The applicable range of the thickness of the antireflection film formed as described above varies depending on the refractive index of the microlens, the refractive index of the fluorine-containing resin, the thickness of the microlens, and the wavelength of the incident light. Although it comes, it is 0.05 to 0.5 μm.
It will be about.

The present invention is characterized in that an antireflection film is provided on the microlens in a solid-state image sensor, but it can also be implemented in a liquid crystal display (LCD).

[0019]

As described above in detail, by using the solid-state image sensor of the present invention as set forth in claim 1, the sensitivity of the solid-state image sensor can be increased from about 5 to Improve by 10%. Incidentally, the surface reflectance is 5 to 10% in conventional solid-state image sensors, whereas
In the solid-state image sensor of the present invention, the reduction was about 1 to 5%. Furthermore, by using the method for manufacturing a solid-state image sensor according to the second aspect, it is possible to form a desired antireflection film evenly and with a uniform thickness on the surface of the microlens.

[Brief explanation of the drawing]

FIG. 1 is a cross-sectional view of the structure of a solid-state image sensor according to the present invention.

FIG. 2 is a diagram showing the principle of the LB method.

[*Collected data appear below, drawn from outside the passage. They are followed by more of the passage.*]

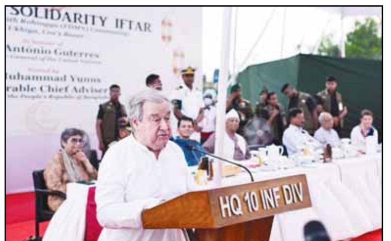
UN Secretary-General António Guterres speaks at the Ukhiya camp for Rohingya refugees in Cox's Bazar, in Bangladesh on March 14.

The U.N. will do everything possible to arrange adequate funding for the Rohingya refugees after the recent announcement of dramatic aid cuts by the US and other countries in Europe,
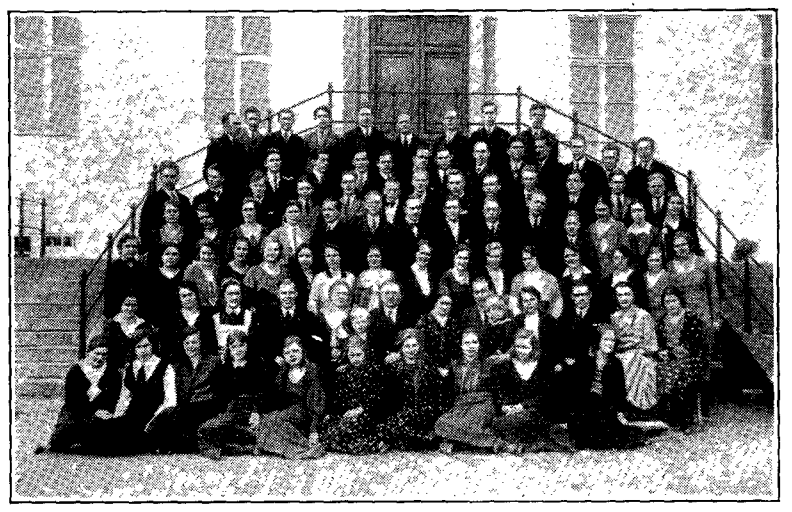
Faculty and students at Ekebyholm Mission School.
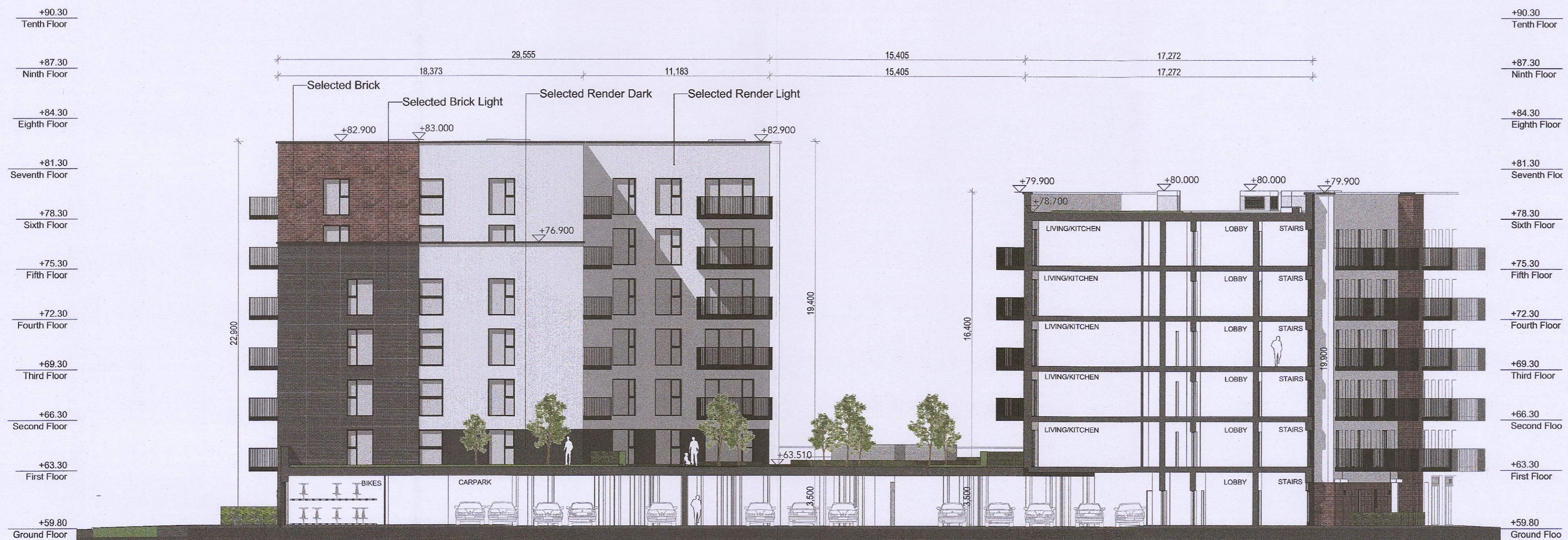
Elevation 03 SCALE:1:200

FIG. 3 is a structural cross-sectional view of a conventional solid-state image sensor.

[Explanation of symbols]

1 Micro lens 2 Photodiode 3 Silicon substrate 4 Vertical CCD section 5 Polysilicon electrode 6. Anti-reflection film 7 Silicon oxide film 8 Planarization film 9 Monolayer 10　Air or inert gas layer

Claims (2)

[Claims] Claim 1: A solid-state imaging device having microlenses on each light receiving part, characterized in that an antireflection film made of a fluorine-containing resin film of a predetermined thickness is formed on the microlenses. Solid-state image sensor. Claim 2: A monomolecular film of a solution in which a fluorine-containing resin is dissolved in a solvent in which hydrogen atoms in ether or ketone are replaced with fluorine atoms in a solid-state imaging device having microlenses on each light receiving part. 2. The solid-state imaging device according to claim 1, wherein the solid-state imaging device is laminated on a microlens by an LB method or a water surface casting method, and an antireflection film made of a fluorine-containing resin film having a predetermined thickness is formed on the microlens. Method of manufacturing elements.